Others support a broader diversity of tactics, which would encompass not
only protest, lobbying, and elections, but also direct action including
the provision of goods and services to working class communities as part
of a larger strategy to build a social base for radical politics within
the working class.
This essay will be divided into two parts. The first half will detail
the history of mutual aid in an attempt to counteract the notion,
prevalent even in leftist circles, that social welfare is “naturally”

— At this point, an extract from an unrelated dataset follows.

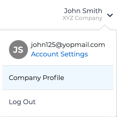- Enter the Company Profile and by selecting your user name from the upper right corner, then selecting Company Profile.

the role of the capitalist government, and that activists should not be
involved in social provision, but rather that our role is solely to make
demands on the bourgeois state.
The second part will go into greater detail and address contemporary
arguments made by socialists against including mutual aid or “serve the
people” as a tactic in the repertoire of socialists. I will attempt to
make the case that “service to the people” is an important component of
revolutionary strategy to overthrow capitalism, and that criticisms of
mutual aid ultimately come from a reformist understanding of the
bourgeois state as a neutral entity which can be “transformed” to serve
the working class, and a reformist understanding of activism that has us
either begging for scraps or tailing the liberal segments of the
capitalist class.
I apologize in advance that, in order to tell a story of this magnitude,
I’ve had to telescope events and paint with a broad brush. A more
comprehensive overview of the subject is beyond my ability. I’m also
obliged to say that I’ve relied heavily on the excellent scholarship of
radical academics and activists who have loudly and bravely told this
story at times when few wanted to hear it. However, any omissions or
mistakes are my own.
What is mutual aid?
To understand the political questions within this debate, first we need
to understand the history of mutual aid.
The practice of mutual aid goes as far back as the workers movement
itself. When the workers movement was in its infancy during the
Industrial Revolution, before workers had developed the capacity to
effectively make demands on the state, workers created avenues for
self-help outside the aegis of an unresponsive government.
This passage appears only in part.